In a May 3, 2023 US Today news report,  Peggy Carr, commissioner of the National Center for Education Statistics (NCES) stated, “Fewer students took courses solely focused on U.S. history last school year than in past which may have contributed to the drops.”

Other contributing factors:

In a May 11, 2023 online article published in The Conversation, Diana D’Amico Pawlewicz, Associate Professor of Education Research & Director, I-REEED, University of North Dakota, wrote about four factors that she believes have contributed to the decline.

Pandemic and learning loss: D’Amico Pawlewicz wrote that the pandemic learning loss focus was mainly aimed at math and reading scores thus contributing to an increased emphasis from schools on those core subjects. In addition, she pointed to the NCLB policy of testing math and reading, but not of social studies. D’Amico Pawlewicz said teachers reported that the emphasis on testing took away time and resources for social studies

Politicization of social studies education: D’Amico Pawleicz also pointed to a fear factor that has rippled throughout the education sector due to outspoken politicians weighing in on curriculum and subject matter being taught in schools. She wrote, “Across the country, state legislatures led by conservative politicians have adopted bills banning instruction about aspects of U.S. history that could, they believe, make white children feel “discomfort” or “guilt”.

Education budget cuts: Schools regularly deal with budget constraints, During the pandemic, the lack of funding only amplified both racial and economic disparities among lower-income schools. The test data showed that history score decline from 2018 to 2022 was 42% greater for black students than white students. 

Teacher shortages: It’s no secret that schools across the country are short-staffed. Teacher vacancies for subject matter like social studies continues to rise. The National Council on Teacher Quality (NCTC) recently released a press release stating, “Key topics most often absent in program requirements include world history and economics in social studies (required by fewer than 20% of programs), and engineering design in science (required by only 10% of programs), potentially leaving future teachers unprepared to provide their students with the fundamental knowledge and skills necessary to succeed in the modern world.”

Room to improve:

Improving history education requires a multi-faceted approach and focus from both government and states. One of the most important steps to improving history education is to increase funding for the subject. President Joe Biden’s March budget proposal, if passed, would allocate an additional $50 million for U.S. history and civics education, and would challenge states to make their own investments as well. Whether or not the proposal will be modified remains to be seen.

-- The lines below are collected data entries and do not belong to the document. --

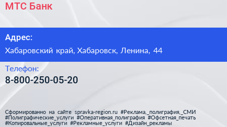 МТС-Банк по адресу Хабаровский край, Хабаровск, Ленина, 44 в дальнейшем Организация, размещена в следующих категориях:
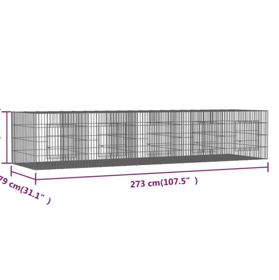 Cette cage à lapin est un excellent choix pour loger en toute sécurité de petits animaux tels que des lapins. Matériau durable : ce clapier est fabriqué en fer galvanisé, robuste et durable, ce qui garantit des années d’utilisation avec peu d’entretien.Conception ventilée : la cage à lapin conçue avec un cadre en fil de fer la rend bien ventilée pour garder l’air frais et propre, ce qui est bénéfique pour la santé de vos amis à fourrure bien-aimés.Compartiment séparé : le parc à lapins est divisé en plusieurs compartiments avec des panneaux, permettant à certains lapins de vivre ensemble. Couleur : argentéMatériau : fer galvaniséDimensions : 273 x 79 x 54 cm (L x l x H)Taille du panneau : 54 x 54 cm (L x l) / 78 x 54 cm (L x l)Taille de la maille : 3 x 13,5 cm (L x l)L’assemblage est requis Attention ! Les fils métalliques peuvent être pointus et tranchants ! Portez des chaussures de sécurité et des gants de protection lors de l’installation !Couleur : argentéMatériau : fer galvaniséDimensions : 273 x 79 x 54 cm (L x l x H)Taille du panneau : 54 x 54 cm (L x l) / 78 x 54 cm (L x l)Taille de la maille : 3 x 13,5 cm (L x l)L’assemblage est requis
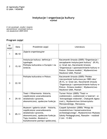 dr Agnieszka Figiel IS UAM / WSNHiD Instytucje i organizacja kultury wykład II rok socjologii, studia I stopnia specjalizacja: socjologia kultury rok akademicki 2009/2010 Program zajęć Nr zajęć Data 1 08.10 2 3 4 5 15.10 Przedmiot zajęć Zajęcia organizacyjne Instytucje kultury: definicje i typologie. Polityka kulturalna w Europie i na świecie. Kaczmarek Urszula (2005) "Organizacja i zarządzanie instytucjami kultury" (R.IV), w: Grad Jan, Kaczmarek Urszula "Organizacja i upowszechnianie kultury w Polsce. Zmiana modelu", Wydawnictwo Naukowe UAM, Poznań Polityka kulturalna w Polsce. Kaczmarek Urszula (2005) "Polska rzeczywistość kulturowa po 1989 roku" (R.V), w: Grad Jan, Kaczmarek Urszula "Organizacja i upowszechnianie kultury w Polsce. Zmiana modelu", Wydawnictwo Naukowe UAM, Poznań Teatr i filharmonia– historia, współczesne uwarunkowania działalności (prawne, ekonomiczne), społeczne funkcje. Turner Victor (2005) "Teatr w codzienności, codzienność w teatrze", w: "Antropologia widowisk", Chałupnik Agata (red.), Wydawnictwo Uniwersytetu Warszawskiego, Warszawa. Muzeum i galeria sztuki – historia, współczesne uwarunkowania działalności (prawne, ekonomiczne), społeczne funkcje. Typy muzeów. Muzeum a kształtowanie pamięci społecznej. Czopek Sylwester (2000) "Wstęp do muzealnictwa i konserwatorstwa archeologicznego", Wydawnictwo Wyższej Szkoły Pedagogicznej, Rzeszów - rozdział 2 (str. 13-84) 22.10 29.10 05.11 Literatura 6 7 8 12.11 19.11 Biblioteki i archiwa – historia, współczesne uwarunkowania działalności (prawne, ekonomiczne), społeczne funkcje. Typy bibliotek i archiwów. Rola biblioteki w społeczeństwie wiedzy. Archiwum a kształtowanie pamięci społecznej. Wołosz Jan (2007) "Biblioteki publiczne czyj przedmiot troski?", w: "Od księgoznawstwa przez bibliotekoznawstwo do nauki o informacji XXI w.", Jan Leończuk (red.), Książnica Podlaska im. Łukasza Górnickiego, Białystok Instytucje kultury a wymagania współczesności: marketing, zarządzanie, promocja, sponsoring. Internet w kulturze, czyli „wirtualne” instytucje kultury. Kuprel Barbara (2007) "Internet na usługach promocji książki dziecięcej", w: "Od księgoznawstwa przez bibliotekoznawstwo do nauki o informacji XXI w.", Jan Leończuk (red.), Książnica Podlaska im. Łukasza Górnickiego, Białystok Uczestnictwo w kulturze: uwarunkowania i wzory. Grad Jan (2005) "Kultura - uczestnictwo w kulturze - upowszechnienie kultury (rozumienie pojęć)" (R.I) w: Grad Jan, Kaczmarek Urszula "Organizacja i upowszechnianie kultury w Polsce. Zmiana modelu", Wydawnictwo Naukowe UAM, Poznań 26.11 Grad Jan (2005) "Uczestnictwo w kulturze artystycznej społeczeństwa polskiego i jego uwarunkowania" (R.II) w: Grad Jan, Kaczmarek Urszula "Organizacja i upowszechnianie kultury w Polsce. Zmiana modelu", Wydawnictwo Naukowe UAM, Poznań Lektury uzupełniające – według sylabusu.
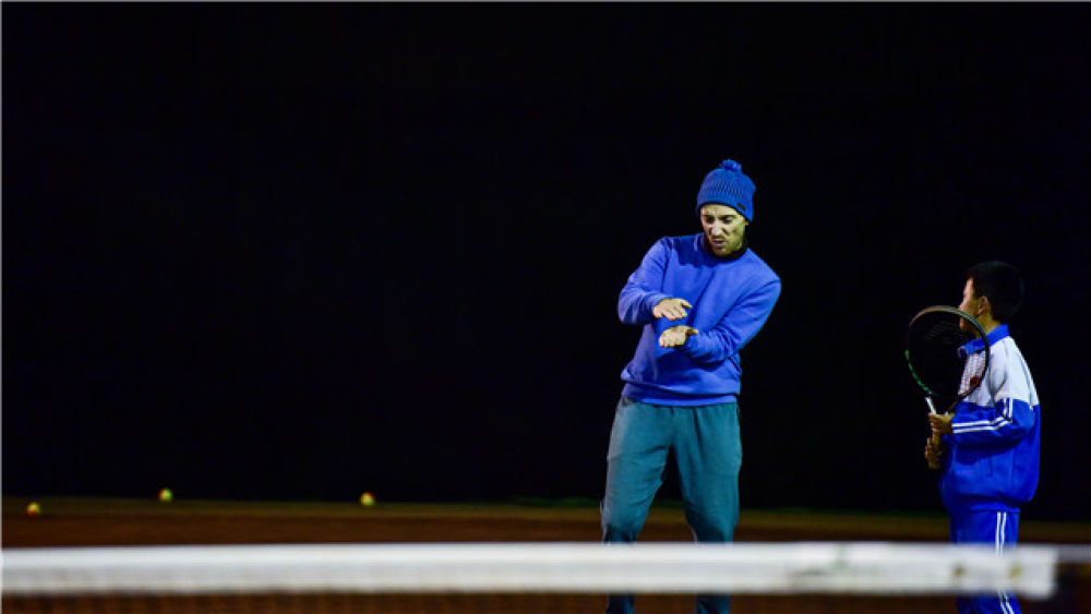 在青海省海東市互助土族自治縣的網(wǎng)球場內(nèi),喬西·羅賓遜(左)在指導(dǎo)學(xué)員發(fā)球(2019年11月7日攝)。新華社記者 吳剛 攝

In addition, schools need to focus on adequate teacher training and support. This can be done through professional development opportunities, mentoring programs, and ongoing support from school administrators. Teachers who feel confident and supported in their teaching methods are more likely to engage students and foster a love of learning. This can have a positive impact on learning outcomes and student engagement.

Finally, to improve history education, it’s important to increase the representation of diverse perspectives in history curriculum. Efforts to raise the bar on history scores depend upon less political division and more concerted collaboration between schools, teachers, parents, and the community. The decline in NAEP test scores should sound the alarm that most students are lacking in both knowledge and learning of even the most basic concepts of history education.